Data excerpts
________________________

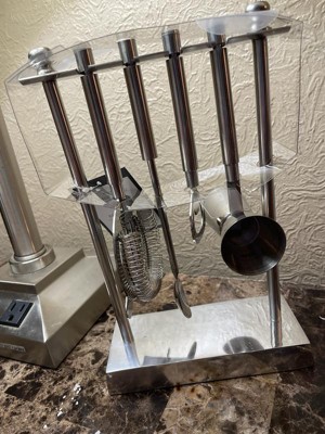 - 5pc stainless steel bar tool set with stand
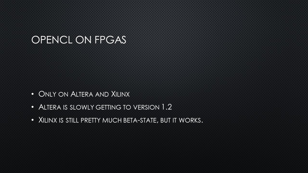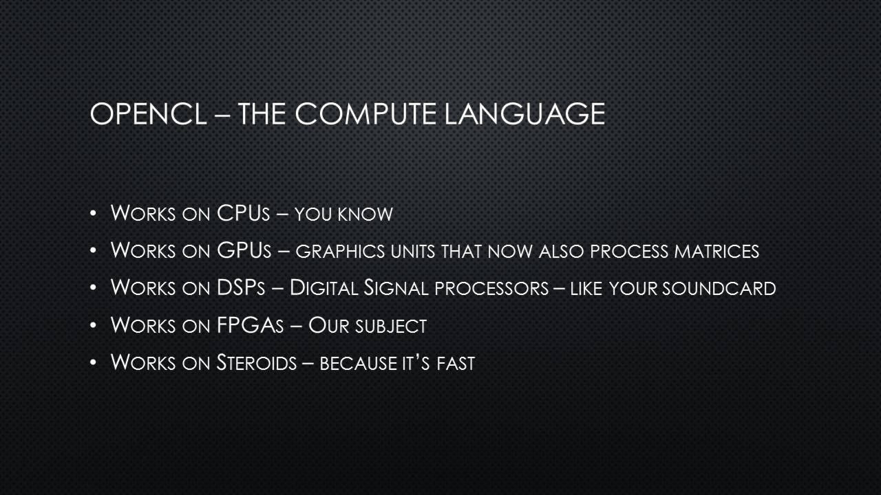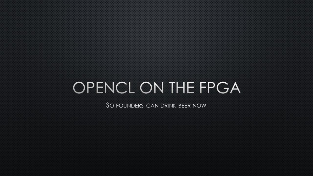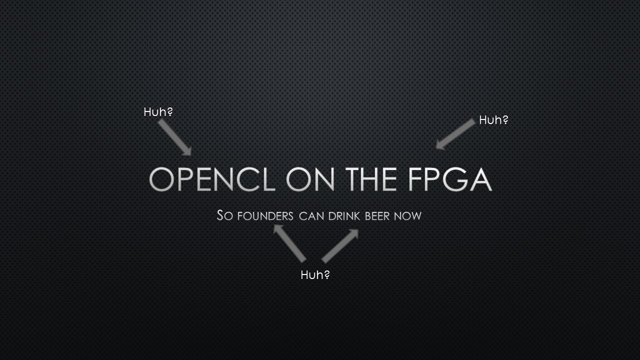 What do you do when you want to explain OpenCL and FPGAs and OpenCL-on-FPGAs to a beer drinking crowd in just 15 minutes? Well, you simply can’t go deep into the matter. On a Thursday evening, 5 November 2015, I was standing on a chair for a beer-loving group of Hackers and Founders with my laser-powered presenter, trying not to loose everybody. It was not the first time I stood on that particular chair – some years ago I presented about OpenCL-on-GPUs.
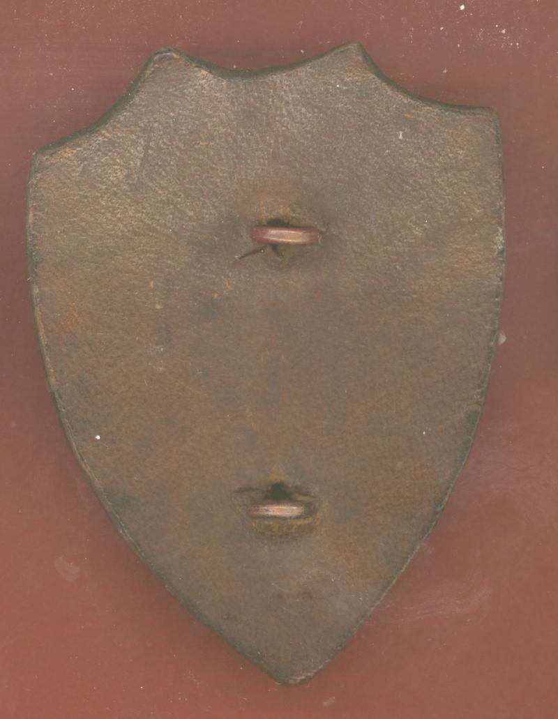 A very scarce pre 1881 die stamped brass example. Two loops to the reverse. On original leather backing. VGC.
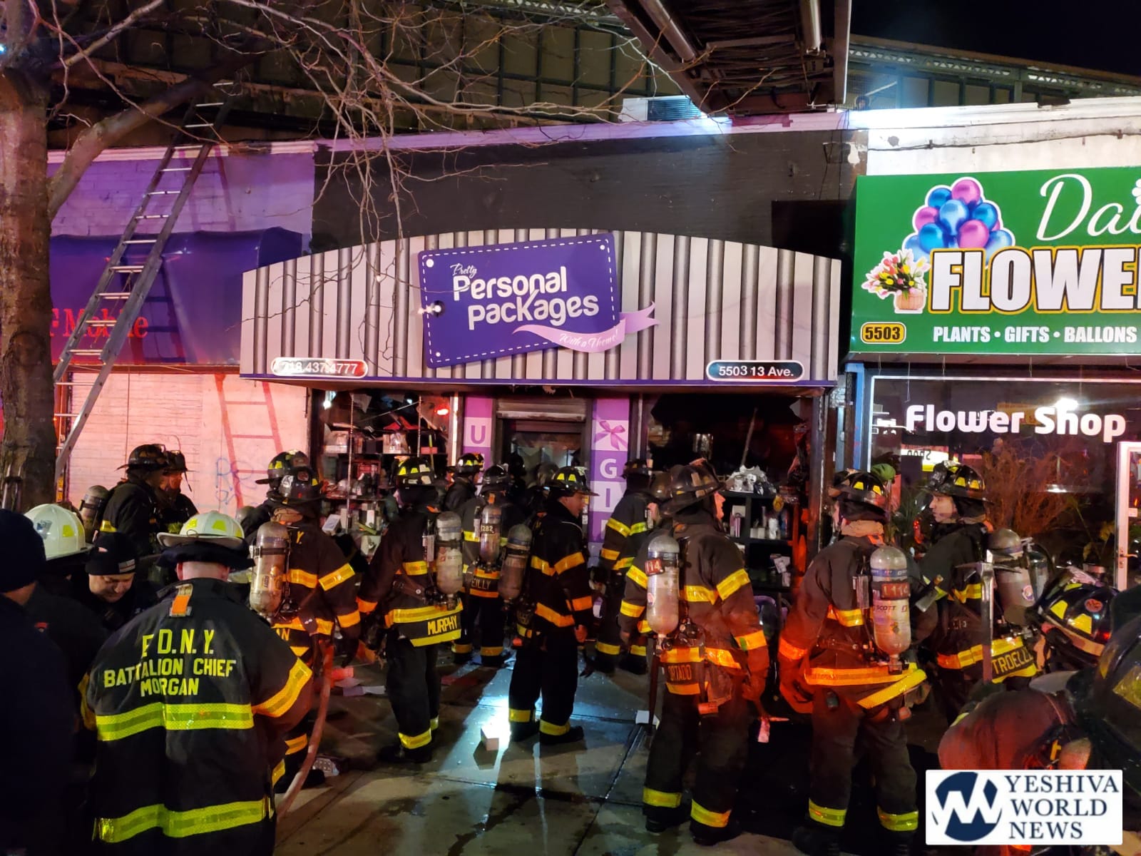 A fire tore through the Personal Packages gift shop on 13th Avenue and 56th Street in Boro Park on Tuesday night, completely destroying the structure.
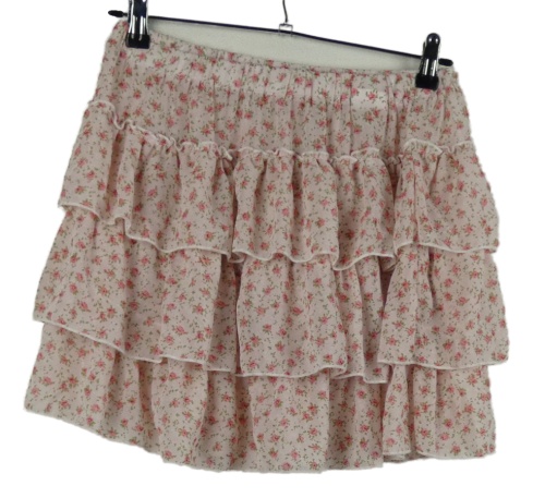 Dámska svetloružová kvietkovana šifónová sukňa s volánikmi
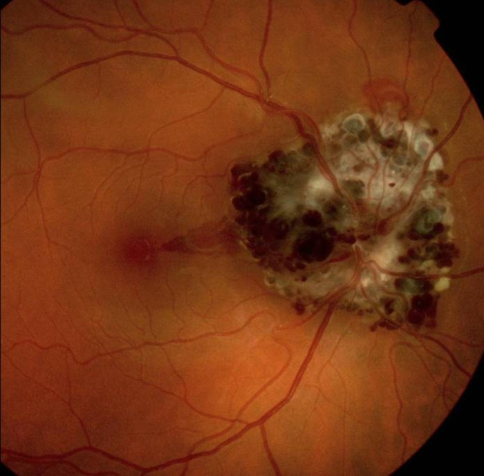 El hemangioma cavernoso es un tumor benigno de la retina formado por vasos retinianos dilatados, aneurismáticos y congestivos de aspecto cavernoso y paredes delgadas que se presenta como una masa retiniana de color rojo oscuro y superficie irregular con aspecto de un racimo de uvas, como el de la imagen presentada. En algunos casos puede producir hemorragias retinianas o hemovítreo, y puede asociarse a hemangioma del SNC y cutáneo. Estos tumores rara vez requieren tratamiento, y las técnicas más empleadas han sido fotocoagulación con láser argón, crioterapia, o incluso vitrectomía.
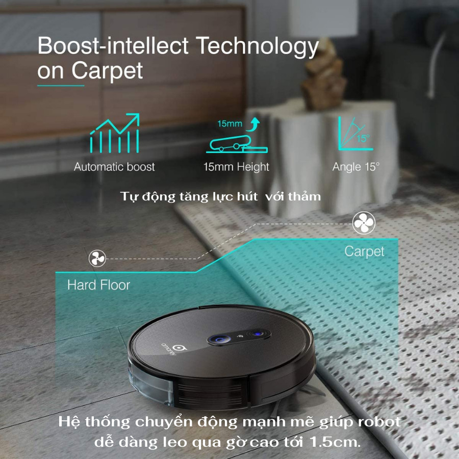 Robot hút bụi A980 có thể điều chỉnh lực hút theo loại sàn hoặc loại thảm khác nhau để làm sạch tốt hơn đồng thời giữ yên lặng. Nó dễ dàng nhặt các mảnh vụn, không chỉ bụi bẩn và lông thú cưng mà bạn có thể nhìn thấy mà còn cả các chất gây dị ứng và bụi mà bạn không thấy. Thiết kế tốt nhất cho sàn cứng, thảm và vật nuôi. Thao tác dễ dàng với điều khiển từ xa hoặc tự động làm sạch tất cả chỉ bằng một lần chạm.
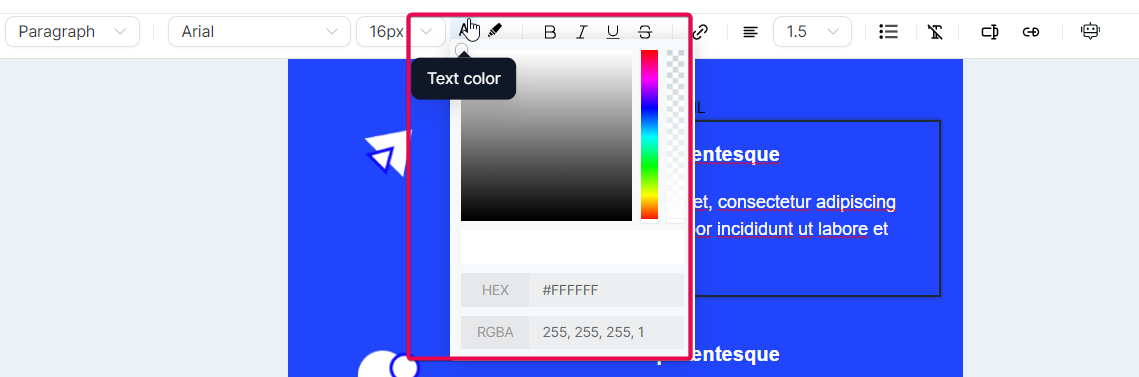 Flexible Color Options: Adding color through hex codes provides precise control over text and highlight colors. For instance, if your brand color is #AFAFAF, you can ensure this exact color is used in your email text or highlights.
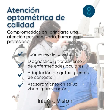 Desde 2007, en Integral Vision hemos cultivado la confianza con cada persona que nos permite entrar a su hogar o empresa. Nuestra pasión por la salud visual impulsa a nuestro equipo de profesionales a ofrecer un servicio especializado de optometría, siempre guiado por principios éticos, de rigor clínico y, sobre todo, por un profundo enfoque humano.
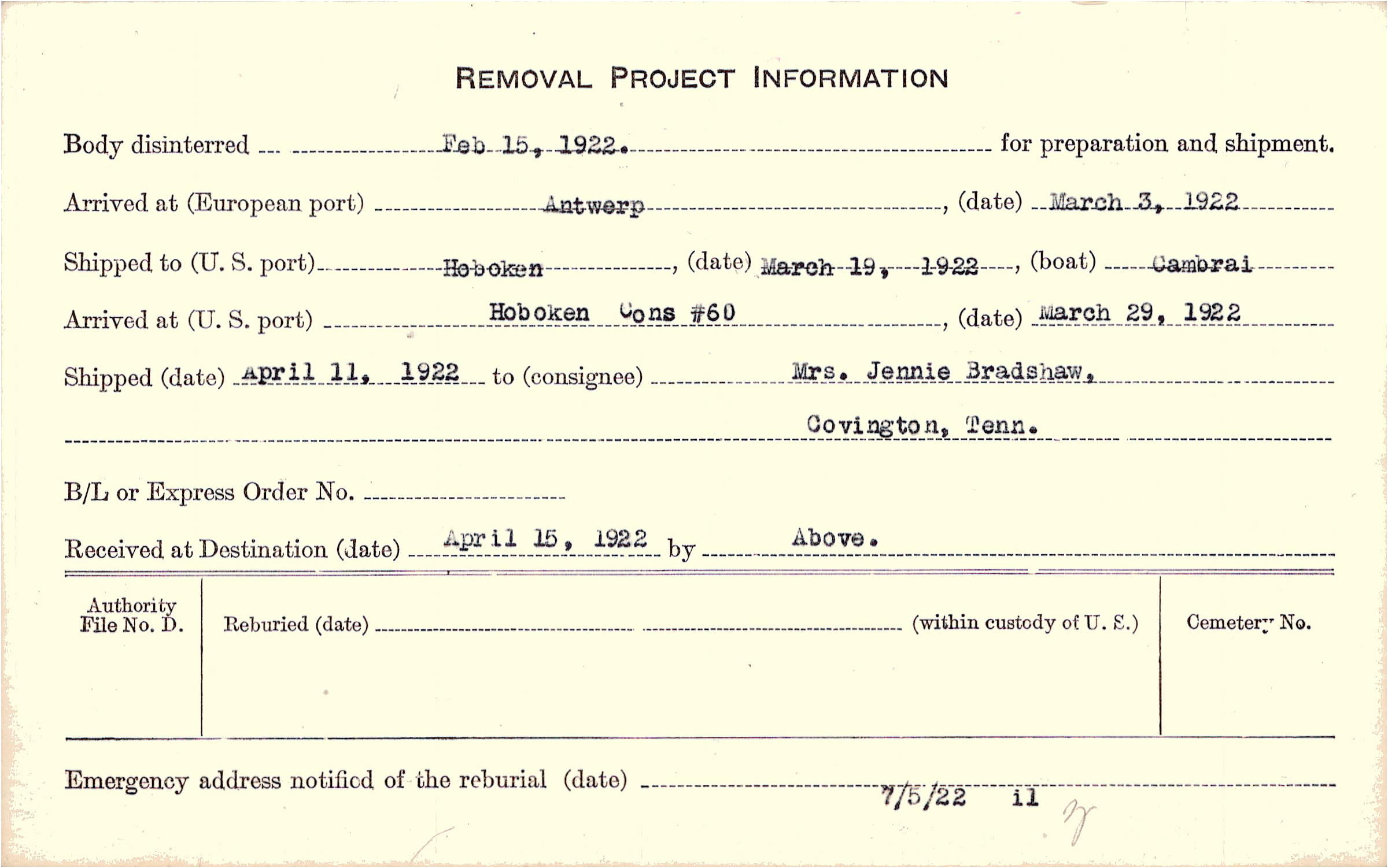 Body disinterred 2/15/1922 for preparation and shipment.
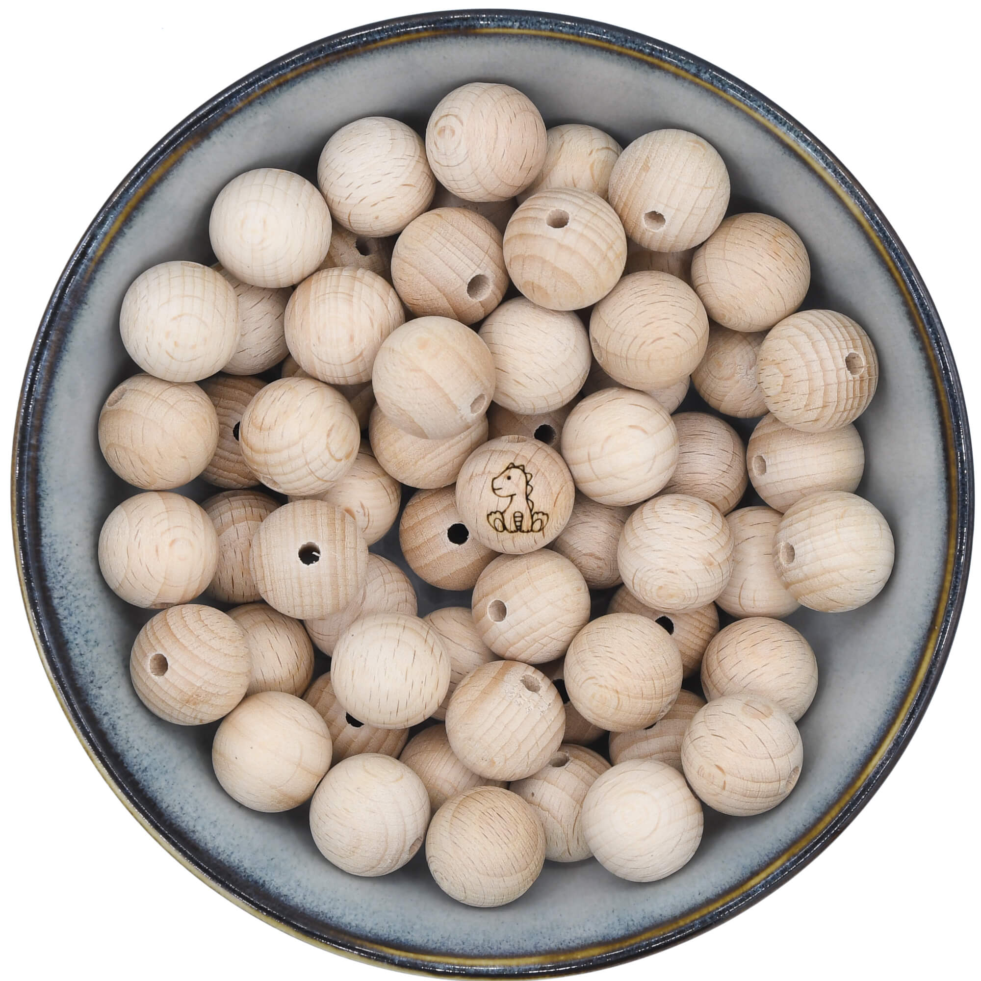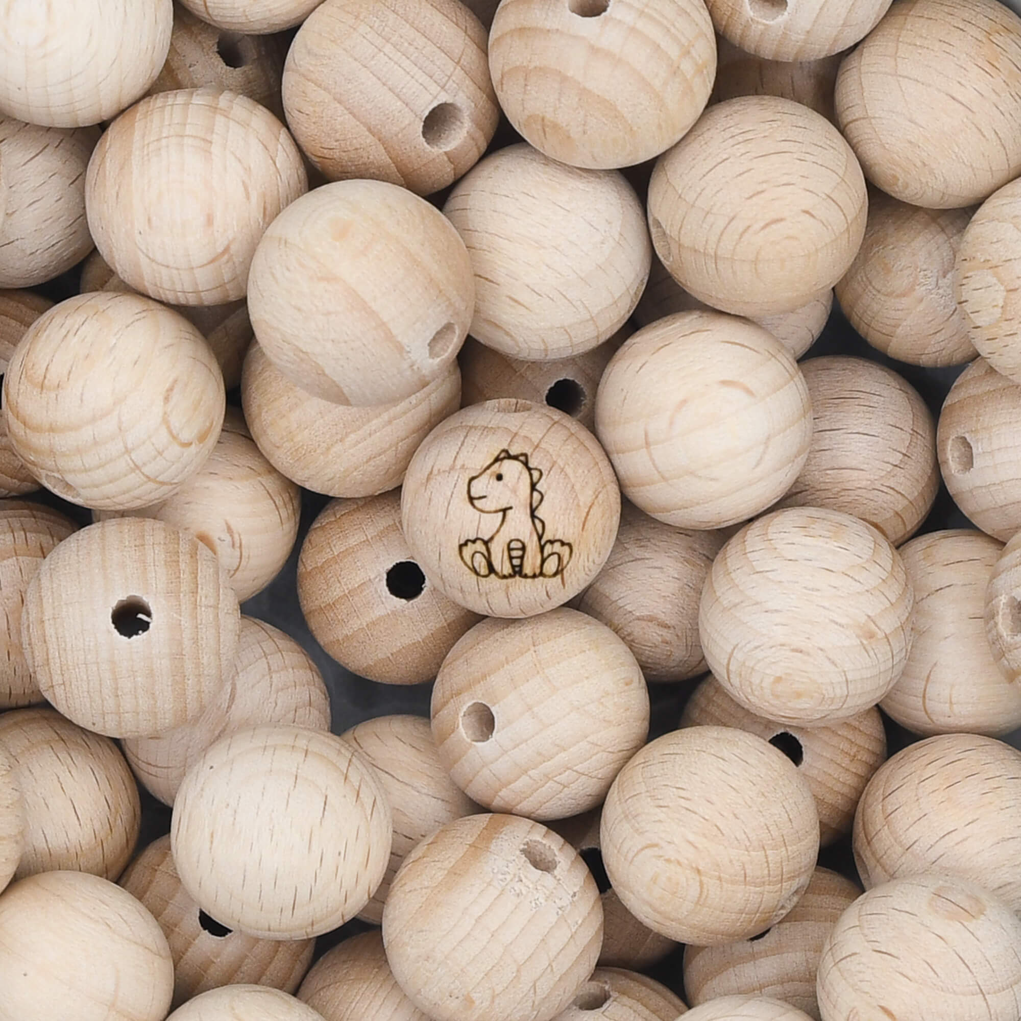 Onbewerkte beukenhouten kraal van 18 mm met een gelaserde afbeelding van een draakje.
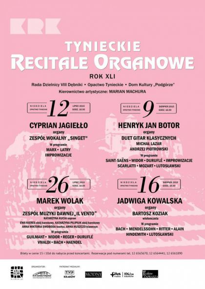 Bilety w cenie 15 i 10 zł. do nabycia przed koncertami. Rezerwacja pod numerami tel.12 6563670,126564441,12 6561890
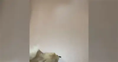 「ジャーキーを完全包囲するポメラニアン」プロのような軌道でジャーキーの周りをドリフト走行する犬動画
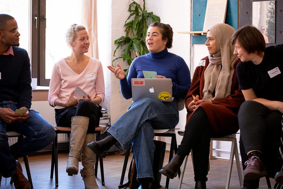 Am zweiten Tag standen allianzinterne Themen im Fokus. In den von AG-Mitgliedern organisierten Workshops wurde zu verschiedenen Themen gearbeitet – die AG Bildung bot einen Workshop zu „Empowerment und Powersharing” (Sabrina Rahimi) an, die AG Sicherheitsbehörden diskutierte über die „Kooperationen der Zivilgesellschaft mit der Polizei” (Ikram Errahmouni-Rimi) und die AG Kommunikation tauschte sich über „Strategien und Solidarität bei (Online) Hate Speech” (Nava Sadat Zarabian, Bildungsstätte Anne Frank) aus.
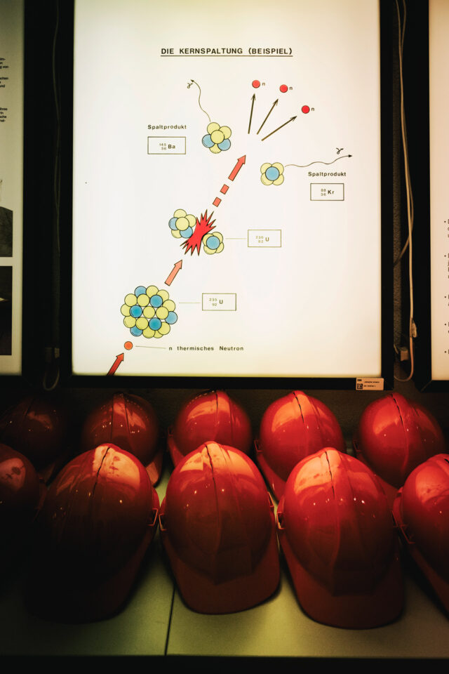 Mit hallenden Schritten geht es über den früheren Fluchtweg ins Innere des AKW. Durch eine massive Stahltür hindurch betreten die Gäste den Geberraum. Edelstahlrohre winden sich von der Decke Richtung Boden, unterbrochen von Hebeln und Messgeräten. Laut Bauplan sollte hier der Druck weitergeleitet werden, mit dem das Wasser die Brennstäbe umspült. Nur wenn der hoch genug ist, verdampft die Flüssigkeit trotz einer Temperatur von 300 Grad Celsius nicht. Das ganze Konstrukt wird daher Druckwasserreaktor genannt. In aktiven Kraftwerken wird die Wärme außerhalb des Reaktors an einen zweiten Wasserkreislauf abgegeben. Der dort entstehende Dampf treibt eine Turbine an, die Strom erzeugt.

________________________

= TRY IT =
An exact copy is needed. It runs from the line above containing "A very scarce" down to the line containing "Dámska svetloružová kvietkovana", both included, with no pictures.

= ANSWER =
 A very scarce pre 1881 die stamped brass example. Two loops to the reverse. On original leather backing. VGC.
 A fire tore through the Personal Packages gift shop on 13th Avenue and 56th Street in Boro Park on Tuesday night, completely destroying the structure.
 Dámska svetloružová kvietkovana šifónová sukňa s volánikmi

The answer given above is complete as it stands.